The BEHAVIOR Vision Suite (BVS) refers to a family of open-source toolkits, synthetic data generation platforms, model integration frameworks, and evaluation pipelines designed for systematic research in computer vision, behavioral analysis, and embodied AI. BVS architectures are characterized by high modularity, extensive parameterization capabilities, and support for real, synthetic, and simulation-based data at varying scales of complexity, enabling controlled experiments on recognition, robustness, and transfer. The suite’s core is built atop the BEHAVIOR-1K asset library and NVIDIA Omniverse-based simulation, supporting the exploration and benchmarking of vision algorithms in diverse, well-annotated domains (Ge et al., 2024).
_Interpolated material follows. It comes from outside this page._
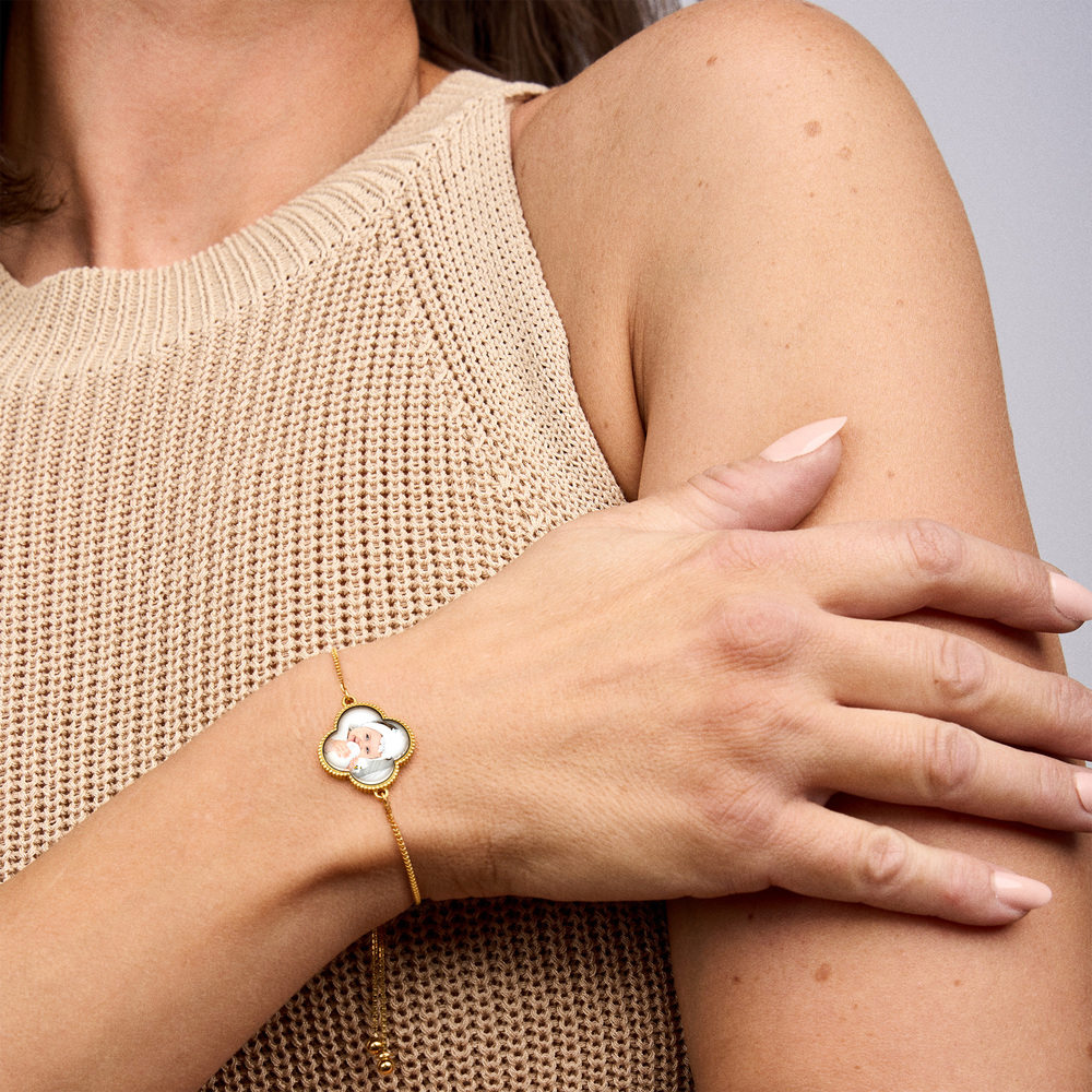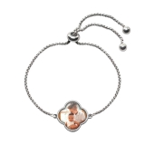 Carry your most meaningful moments with you in a unique and elegant way. This personalized bracelet features a clover-shaped photo charm, symbolizing love, luck, and cherished memories.

1. Architecture and Core Modules

BVS is composed of two principal subsystems: (1) the extended BEHAVIOR-1K asset library, and (2) a highly customizable dataset generator. The asset library comprises 8,841 object models categorized into 1,937 semantic classes, embedded within 1,000 procedurally instanced scenes spanning a diverse set of indoor and commercial domains (homes, offices, restaurants, grocery stores, etc.). Each asset is annotated with articulated joints, physical attributes (colliders, fluids, cloth simulation), and semantic properties, facilitating high-fidelity scene composition. Collision meshes are generated via V-HACD and manually refined.

The suite’s dataset generator layer utilizes OmniGibson, combining photorealistic rendering with physics-based simulation. It allows arbitrary control over three fundamental sets of parameters: (i) scene-level (e.g., lighting intensity, color temperature, ambient occlusion, gravity, fog), (ii) object-level (e.g., joint angles, container fill fractions, semantic predicates, materials), and (iii) camera-level (e.g., field of view, focal length, position/orientation, aperture, noise models). Researchers can define distributions across any parametric axis for each factor, enabling continuous or discrete sampling during generation (Ge et al., 2024).
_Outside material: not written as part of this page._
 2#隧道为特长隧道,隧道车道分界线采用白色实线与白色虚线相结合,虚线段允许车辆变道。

Direct outputs from BVS include multimodal, synchronized streams: RGB images, depth maps, surface normals, optical flow, semantic/instance/part segmentation masks, 2D/3D bounding boxes, point clouds, camera calibration/intrinsics, scene graphs, and fully resolved unary/binary state labels.

2. Parameterization and Configuration

All aspects of BVS datasets are specified via YAML or JSON schema, supporting scalar, list, or distribution-based parameter values. For example, lighting intensity can be defined as:

IlightU(Imin,Imax)I_\text{light} \sim \mathcal{U}(I_{\min}, I_{\max})

Articulated object states leverage joint fractions:

αU(0,1),θ=α(θmaxθmin)+θmin\alpha \sim \mathcal{U}(0, 1), \qquad \theta = \alpha (\theta_{\max} - \theta_{\min}) + \theta_{\min}

Container fill levels, cloth folding degrees, and material properties (roughness, metallicity, specularity) follow similar conventions. Camera parameters include field of view, focal length, aperture, and pose/orientation, each of which may be sampled per-frame or per-sequence.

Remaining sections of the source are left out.